-- GIVEN DATA follows --

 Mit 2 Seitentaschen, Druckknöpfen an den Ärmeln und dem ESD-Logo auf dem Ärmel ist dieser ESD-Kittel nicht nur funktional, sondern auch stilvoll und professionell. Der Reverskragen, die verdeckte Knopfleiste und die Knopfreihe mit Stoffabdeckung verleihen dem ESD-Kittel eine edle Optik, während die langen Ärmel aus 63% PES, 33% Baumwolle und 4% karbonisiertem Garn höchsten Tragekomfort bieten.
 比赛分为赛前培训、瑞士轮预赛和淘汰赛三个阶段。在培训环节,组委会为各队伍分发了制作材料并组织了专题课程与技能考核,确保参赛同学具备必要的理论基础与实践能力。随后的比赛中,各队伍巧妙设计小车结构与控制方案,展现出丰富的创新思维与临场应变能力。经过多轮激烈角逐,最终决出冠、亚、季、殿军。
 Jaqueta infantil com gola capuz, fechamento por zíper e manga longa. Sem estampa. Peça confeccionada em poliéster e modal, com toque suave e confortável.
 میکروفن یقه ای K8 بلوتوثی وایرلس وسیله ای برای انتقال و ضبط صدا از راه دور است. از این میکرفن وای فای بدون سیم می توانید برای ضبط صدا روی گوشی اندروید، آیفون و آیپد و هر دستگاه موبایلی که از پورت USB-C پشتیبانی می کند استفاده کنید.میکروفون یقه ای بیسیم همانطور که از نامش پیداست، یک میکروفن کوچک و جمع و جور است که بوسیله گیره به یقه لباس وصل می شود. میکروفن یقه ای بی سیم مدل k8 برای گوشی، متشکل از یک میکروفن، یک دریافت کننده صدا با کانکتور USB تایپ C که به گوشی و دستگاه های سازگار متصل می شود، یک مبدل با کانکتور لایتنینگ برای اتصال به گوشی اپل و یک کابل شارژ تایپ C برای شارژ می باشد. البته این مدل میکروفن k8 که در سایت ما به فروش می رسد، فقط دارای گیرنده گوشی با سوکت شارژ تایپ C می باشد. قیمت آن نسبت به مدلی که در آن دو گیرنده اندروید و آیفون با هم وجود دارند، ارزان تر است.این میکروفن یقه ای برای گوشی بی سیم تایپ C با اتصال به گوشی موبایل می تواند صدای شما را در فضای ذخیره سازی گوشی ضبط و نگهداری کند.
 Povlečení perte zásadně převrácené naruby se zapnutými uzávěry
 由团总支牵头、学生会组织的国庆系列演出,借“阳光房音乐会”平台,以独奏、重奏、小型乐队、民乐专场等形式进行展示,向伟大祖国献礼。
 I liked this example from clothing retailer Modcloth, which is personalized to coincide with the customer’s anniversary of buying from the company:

-- GIVEN DATA concluded --

**EXERCISE PROMPT**
Once you reach the line containing "Jaqueta infantil com", include it and stop; until then, reproduce each line of the listing from its start exactly.

**ANSWER FOR THE TASK**
 Mit 2 Seitentaschen, Druckknöpfen an den Ärmeln und dem ESD-Logo auf dem Ärmel ist dieser ESD-Kittel nicht nur funktional, sondern auch stilvoll und professionell. Der Reverskragen, die verdeckte Knopfleiste und die Knopfreihe mit Stoffabdeckung verleihen dem ESD-Kittel eine edle Optik, während die langen Ärmel aus 63% PES, 33% Baumwolle und 4% karbonisiertem Garn höchsten Tragekomfort bieten.
 比赛分为赛前培训、瑞士轮预赛和淘汰赛三个阶段。在培训环节,组委会为各队伍分发了制作材料并组织了专题课程与技能考核,确保参赛同学具备必要的理论基础与实践能力。随后的比赛中,各队伍巧妙设计小车结构与控制方案,展现出丰富的创新思维与临场应变能力。经过多轮激烈角逐,最终决出冠、亚、季、殿军。
 Jaqueta infantil com gola capuz, fechamento por zíper e manga longa. Sem estampa. Peça confeccionada em poliéster e modal, com toque suave e confortável.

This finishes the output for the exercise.